Like its predecessor, this book, taken as a pure thriller, doesn't
come up to the standard set by the masters of the genre. There are
many characters with complex back-stories and interactions, and at
times it's difficult to remember who's who and what side they're
currently on. The one thing which is very effective is that
throughout the novel we encounter references to weapons, surveillance
technologies, domestic government programs which trample upon the
rights of citizens, media bias and overt propaganda, and other horrors
which sketch how liberty is shrinking in the face of a centralised,
coercive, and lawless state.

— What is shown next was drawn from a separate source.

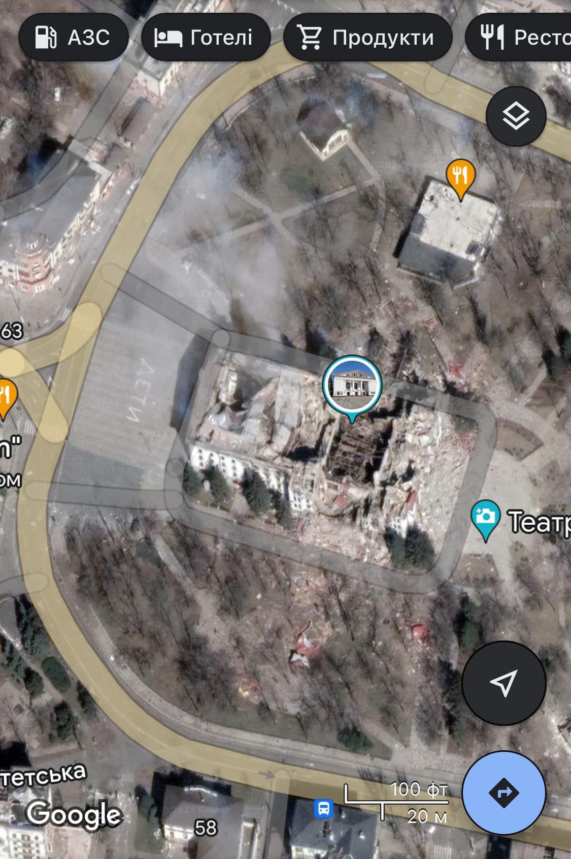 Надпись "Дети" возле драмтеатра в разрушенном Мариуполе стала доказательством того, что Россия сбрасывает бомбы на гражданские объекты / Скриншот
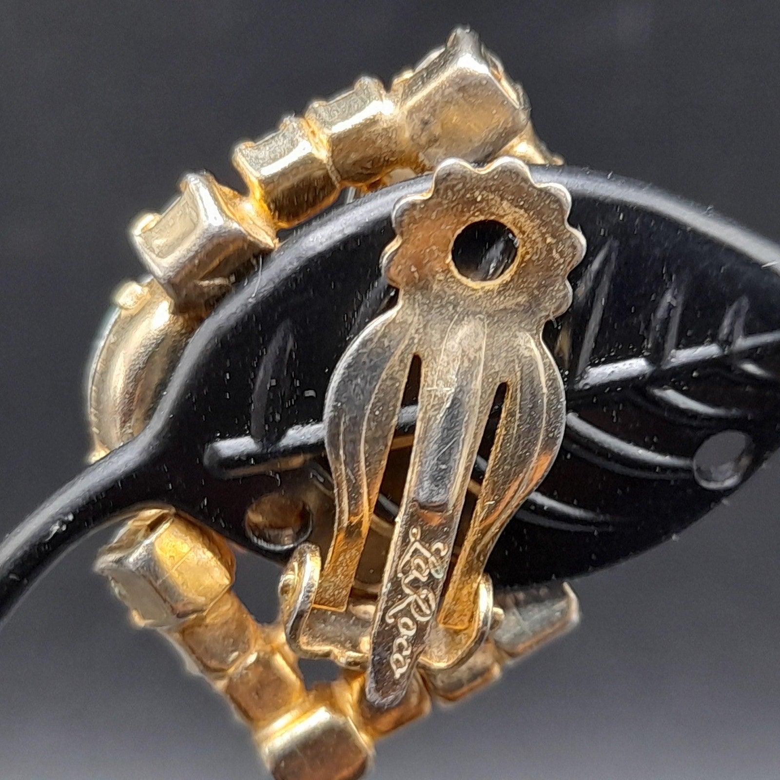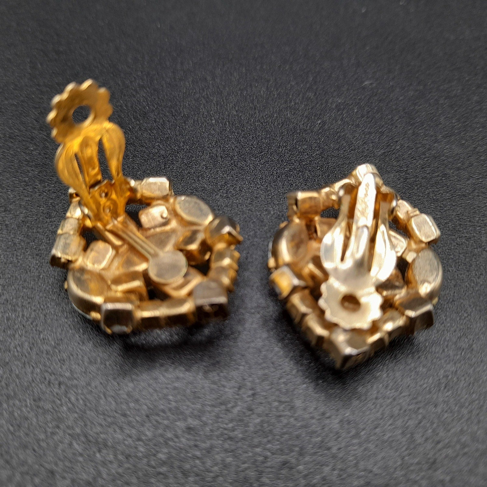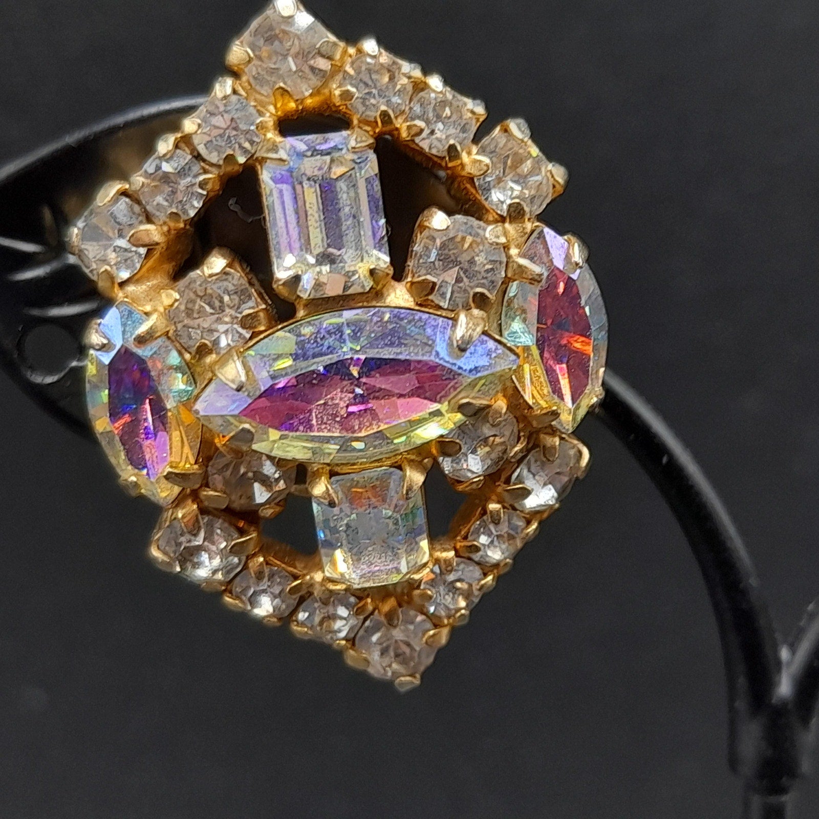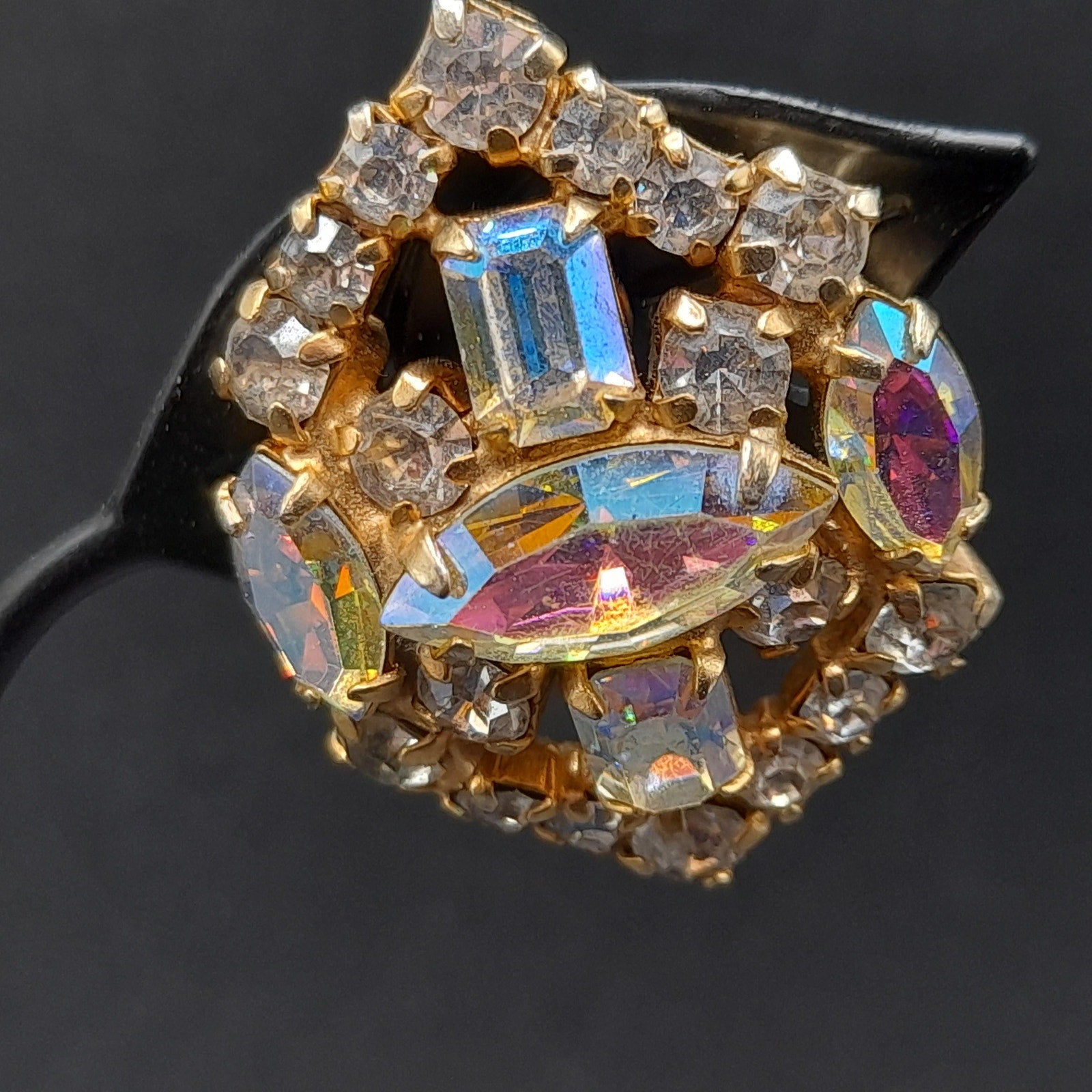 *Description: This is a beautiful designer LaRoco clip on earrings in aurora borealis clear rhinestones cut in a variety of sizes from the late 1950s to 1960s. The earrings are set in gold plated and each rhinestone is prong set in a near diamond shape. You can see they are designer quality with the beautiful crystal rhinestones and unique cuts. This would be a great addition to your vintage jewelry collection or make a great vintage gift!

Then in the afterword, most of these
programs are documented as already existing in the U.S., complete with
citations to source documents on the Web. But then one wonders: in 2013
the U.S. National Security Agency has been revealed as spying on
U.S. citizens in ways just as extreme as the surveillance Molly hoped
to expose here, and only a small percentage of the population seems to
care.
Perhaps what works best is that the novel evokes a society near that
tipping point where, in the words of
Claire Wolfe,
“It's too late to work within the system, but too early to
shoot the bastards.” We have many novels and manifestos of political turnaround
before liberty is totally lost, and huge stacks of post-apocalyptic
fiction set after the evil and corrupt system has collapsed under its
own weight, but this is one of the few novels you'll read set in that
difficult in-between time. The thing about a tipping point is that
individuals, small groups, and ideas can have a disproportionate influence on
outcomes, whereas near equilibrium the system is difficult to perturb. This
book invites the reader to ask, in a situation as described, which side they
would choose, and what would they do, and risk, for what they believe.